Examples of non-constructive results
Solution 1:
At a fun level, there is the two-player game of Chomp.
Briefly, you have an $m\times n$ chocolate bar, divided into squares as usual. The lower left-hand little square is poisoned. The two players, A and B, play alternately. At any move, a player picks the lower left-hand corner of a square, and eats all squares above and/or to the right of that corner. The objective is not to eat the poisoned square.
One can prove quite simply that A has a winning strategy for any chocolate bar except the $1\times1$. But the proof is indirect. It is clear that for any specific bar, one of the two players has a winning strategy. One then shows that if B had a winning strategy, then A could adapt that strategy and win, by taking the square in the upper right-hand corner.
However, for even modest-sized chocolate bars, say $19\times 19$, no winning strategy for A is known.
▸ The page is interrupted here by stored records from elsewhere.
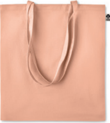
Zimde Colour MO6189

Certified organic cotton shopping bag with long handles. A classic tote bag design made to carry your daily groceries or other items. Carry the bag in your hands or over your shoulder with the long handles. Made from 100% natural organic cotton 140 gr/m².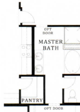
Optional Separate Tub & Shower at Master Bath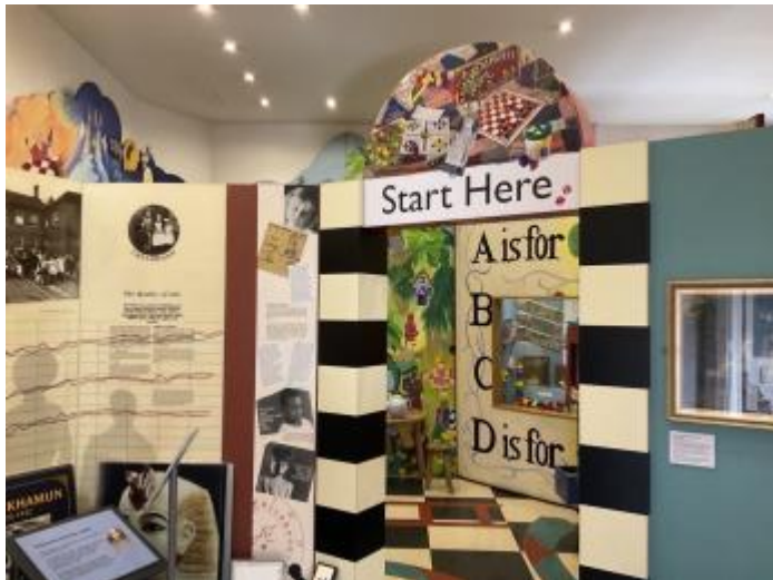
Entrance to The Story of Hull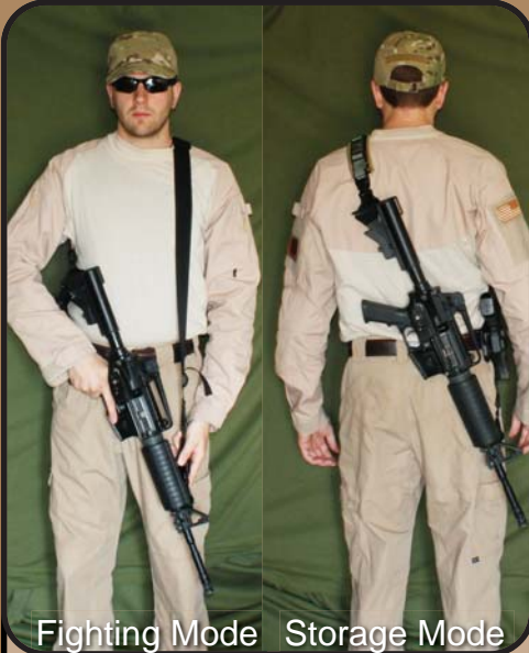
Fighting Mode Storage Mode

Under Strong Shoulder Carry Easy transition to muzzle down rear carry of the weapon.

I may be out of date on the $19$, but know that computer searches for strategies have not had great success.
Solution 2:
The existence of a Hamel Basis, that is, a basis for $\mathbb R$ as a vector space over $\mathbb Q$. No one knows a Hamel basis; it's probably unknowable in some sense.
The existence of a basis for every vector space is equivalent to the axiom of choice, which is the non-constructive piece of math by excellence.
Solution 3:
If $\Phi$ is any statement, the following is a consequence of the law of the excluded middie: $$ (\exists n \in \mathbb{N})[(n = 0 \land \Phi) \lor (n \not = 0 \land \lnot \Phi)] $$ It will only be provable constructively if either $\Phi$ or $\lnot \Phi$ is provable constructively, because to prove it constructively you would have to produce an actual value of $n$, which means you would have to decide $\Phi$.
Solution 4:
At least some time ago (I'm not sure if this has been cleared up recently), it was not known which of the quantities $\sqrt 2^\sqrt 2$ and $(\sqrt 2^\sqrt 2)^\sqrt 2$ furnishes an example of an irrational number raised to an irrational power that is rational.